Modes, Buttons, Random
- There is no “Offroad +” button.
- Yes, it has 2H.
- The Max Regen button does NOT stay on after you restart the car. This appears contradictory to the documentation but likely a software thing they changed late and/or are still working on smoothing over with some politician. Not a big deal but I like others really like this feature. Once you get used to it, you can time it so you almost never have to actually depress the brake pedal to slow down.
- When Max Regen is on, letting off the gas fully will engage the brake lights automatically. Cool feature as it does slow you down fairly significantly and your back end wouldn’t last for long without it. I tested this in DC traffic, it works, well.
- The technician that did the PDI on mine said in their training they were told the 4xe can use the lower 87 octane fuel similar to the 3.6 even though the 2.0 requires Premium. Supposedly Jeep is using a different cam that allows the lower octane fuel to be used.
@bjm00se confirmed:
Fuel requirement on page 78 of the 4xe Owner's Manual Supplement:
Fuel Selection: 87 Octane (R+M)/2 Method, 0-15% Ethanol.
Real World Hybrid’ness
- I started on a full charge/full tank of gas when I picked up the car and got 27.8 miles of battery use in Hybrid mode over the course of ~150mi so far. I’m sure there are millions of variables here but this was mostly highway with max regen on. Will take time to get more numbers and data on this topic honestly. Just a starting point.

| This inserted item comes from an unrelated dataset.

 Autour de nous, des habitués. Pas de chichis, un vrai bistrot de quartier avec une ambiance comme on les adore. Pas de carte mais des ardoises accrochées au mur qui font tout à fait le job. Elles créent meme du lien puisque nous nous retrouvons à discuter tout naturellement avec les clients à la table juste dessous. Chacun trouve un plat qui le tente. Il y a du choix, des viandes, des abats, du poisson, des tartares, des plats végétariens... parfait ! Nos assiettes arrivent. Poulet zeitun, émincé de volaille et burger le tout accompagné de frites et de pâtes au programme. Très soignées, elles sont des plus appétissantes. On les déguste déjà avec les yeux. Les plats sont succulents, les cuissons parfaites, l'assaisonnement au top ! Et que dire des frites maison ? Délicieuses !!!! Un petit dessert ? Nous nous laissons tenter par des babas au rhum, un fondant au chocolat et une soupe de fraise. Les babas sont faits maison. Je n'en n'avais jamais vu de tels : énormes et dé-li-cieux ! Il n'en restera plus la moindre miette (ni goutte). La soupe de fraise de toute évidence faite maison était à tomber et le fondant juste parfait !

- It was completely down to 0% battery on the fuel gauge and <1% on the battery gauge when I stopped to plug in. I plugged into a L2 charger and it approximated 2h15m to fully charge. Not sure what variables this may have yet?

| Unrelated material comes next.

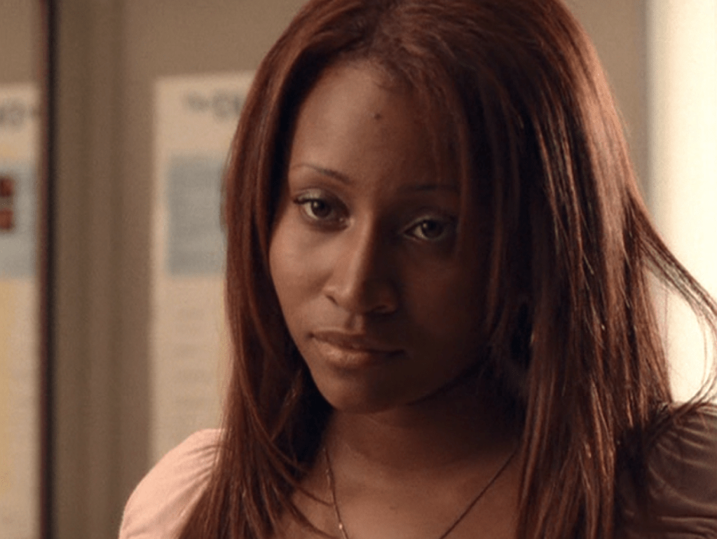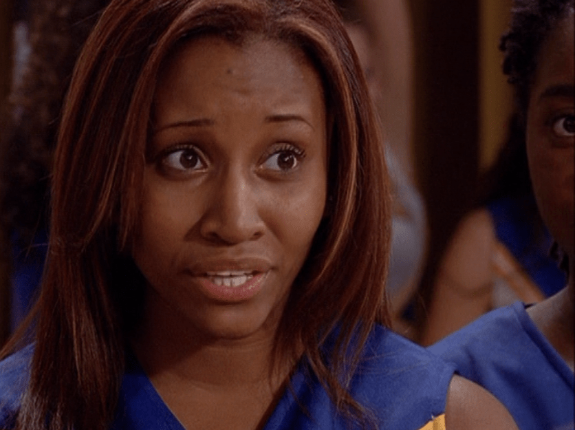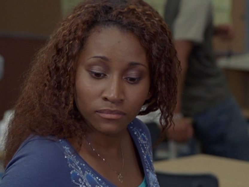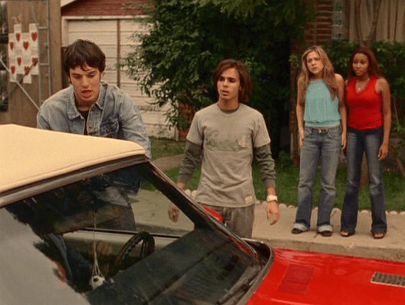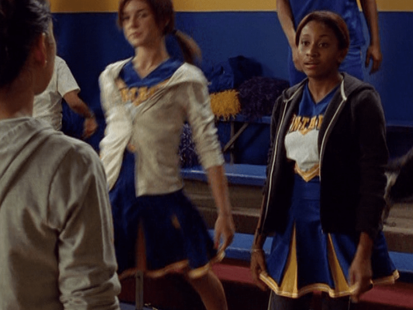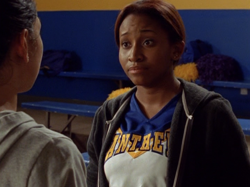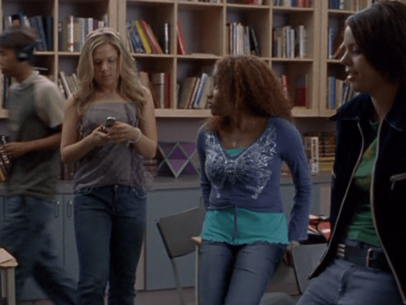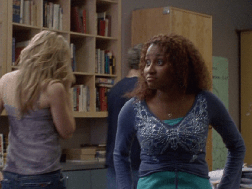 Hazel is seen first in her Spirit Squad uniform, and then I love the look on her face when she’s grilling Paige about Mr. O. She wears her hair down and straight with an orangey floral top, and her brows are very waxed, as many of ours were at this time.

- You get the craziest stares when you pull into an EV spot with a Jeep. Everything from “WTF is this DB doing in the Tesla parking” to “This guy MUST be lost”. As soon as you plug it in, the look on peoples faces is easily worth every penny. :P
- It doesn’t appear that the battery gauge ever goes below <1%. This may be more EV ignorance, but I’m assuming it has some type of reserve as even when the fuel gauge had 0% it would still go into electric only when coasting or low speed on most occasions. It also seemed to never loose it’s full power potential. It seemed I still had all 470lb’s of hamsters even when battery was dry, I’ll play with it more though.

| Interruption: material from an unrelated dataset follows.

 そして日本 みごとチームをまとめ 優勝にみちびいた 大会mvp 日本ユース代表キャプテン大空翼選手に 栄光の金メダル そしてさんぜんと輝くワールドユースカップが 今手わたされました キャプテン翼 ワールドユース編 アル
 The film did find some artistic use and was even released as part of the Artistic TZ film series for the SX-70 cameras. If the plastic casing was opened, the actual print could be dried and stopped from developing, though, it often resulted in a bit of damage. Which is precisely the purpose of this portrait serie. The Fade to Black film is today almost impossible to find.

Donuts and 600 more miles coming soon. Hopefully this can be helpful, the forum and members have definitely helped me and I just wanted to contribute if possible.
Fire away with questions, post feedback and share your experiences as well!
The Tesla parking stares are probably warranted because you can't plug into those! I've driven an EV for over 4 years now, and usually when someone *deliberately* blocks an EV charger it's a large truck (think coal roll) or something like a Wrangler (which pisses me off as a Wrangler owner), so I think a bunch of EV drivers are probably approaching with a guilty-until-proven-innocent mindset. I'm sure there's a bunch of curiosity that follows though, once they realize their error. Nothing else like this out there yet.
Also FYI the locking fuel tank could be because they're pressurizing to extend the life of fuel? BMW i3 does that, although that car goes over 100 miles with only 1-2 gallon fuel capacity, so fuel is used much less. I'd be surprised and somewhat impressed if that's what Jeep was doing here.